The Lenten Season has officially begun, and for many Christians, especially Catholics, it is the period of fasting.

With Ash Wednesday finally happening on the same day with Valentine's Day this year, the Lenten Season, also known as Lent Season or simply Lent, has officially started. While this religious period is meant to remember the sacrifices and death of Jesus, it is also a time for many to reflect on their sins and strengthen their Christian faith.

One of the most common practices during the Lenten Season is for the Catholic faithfuls to go on fasting. While Catholics between the age of 14 and 59 are allowed to have one full meal and two half meals on Ash Wednesday, Good Friday, and all the Fridays of Lent, they are encouraged to abstain from eating meat during those days.

Abstaining from meat on all Fridays of Lent is a reminder for Catholics that Jesus gave up His body, His human form flesh, on a Friday. Hence, for many Catholics, abstaining from meat is a way to foster a greater communion with Jesus Christ.

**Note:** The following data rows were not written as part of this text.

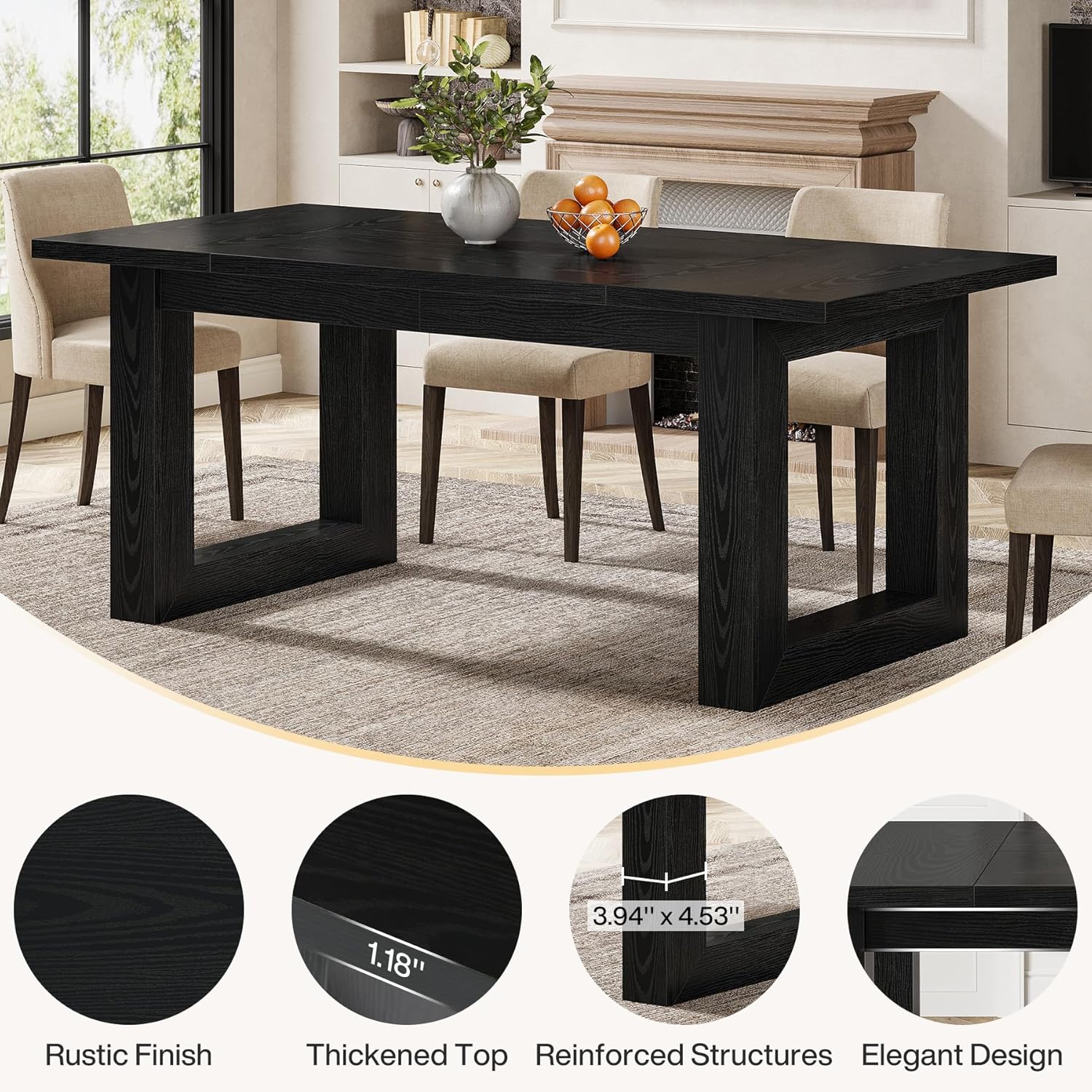 Tribesigns 63-Inch Dining Table, Modern Wood Kitchen Table, Large Rectangular Dinner Furniture for Dining Room (Black)
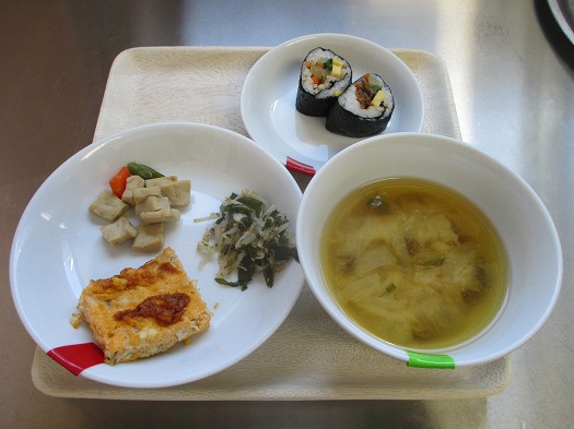 2024年11月13日 給食室(11月11日の給食、おやつ) 給食室 昼食 ・ごはん ・千草焼き ・高野豆腐の煮物 ・もやしの酢の物 ・きのこのみそ汁 おやつ ・キンパ 和食でしたが、よく食べていました。 今日の旬の食材は”きのこ”で『きのこのみそ汁』でした。 おやつは『キンパ』でした。 韓国の食事で、ごま油と塩で味付けたご飯を海苔でまいたものなのですが、 具材はいろいろあるそうです。 人気でした。😊 一覧へ戻る
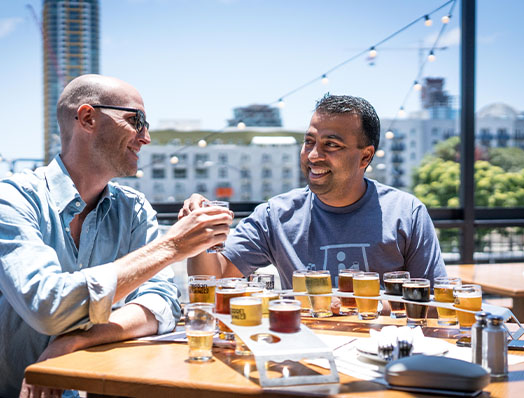 Two men at a restaurant tasting various beers and ales. Photo by Elevate on Pexels.
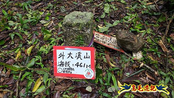 接下來大致都是下坡路,約14分至外大溪山,海拔461公尺,有土調局圖根點基石,

Another reason why Catholics abstain from eating meat on certain days within the Lenten Season is that meat is associated with feasts and celebrations. As Lent should be a period of solemn sacrifice, Catholics believe that staying away from meat is one way of not getting into a celebratory mood.

While Catholics are required to go on fasting on Ash Wednesday, Good Friday, and all Fridays of Lent, things were a lot stricter centuries ago. However, with the blessing of Pope Paul VI, the rule became more lenient in 1966, allowing Catholics to eat meat on Wednesdays and Saturdays within the Lenten Season.

However, it is not only meat that Catholics give up during the Lenten Season. According to a report, many Americans last year said that they would give up chocolate, soda, swearing, shopping and social media. For many non-Catholic Christians, giving up things for Lent will help them identify their addictions and emotional dependencies.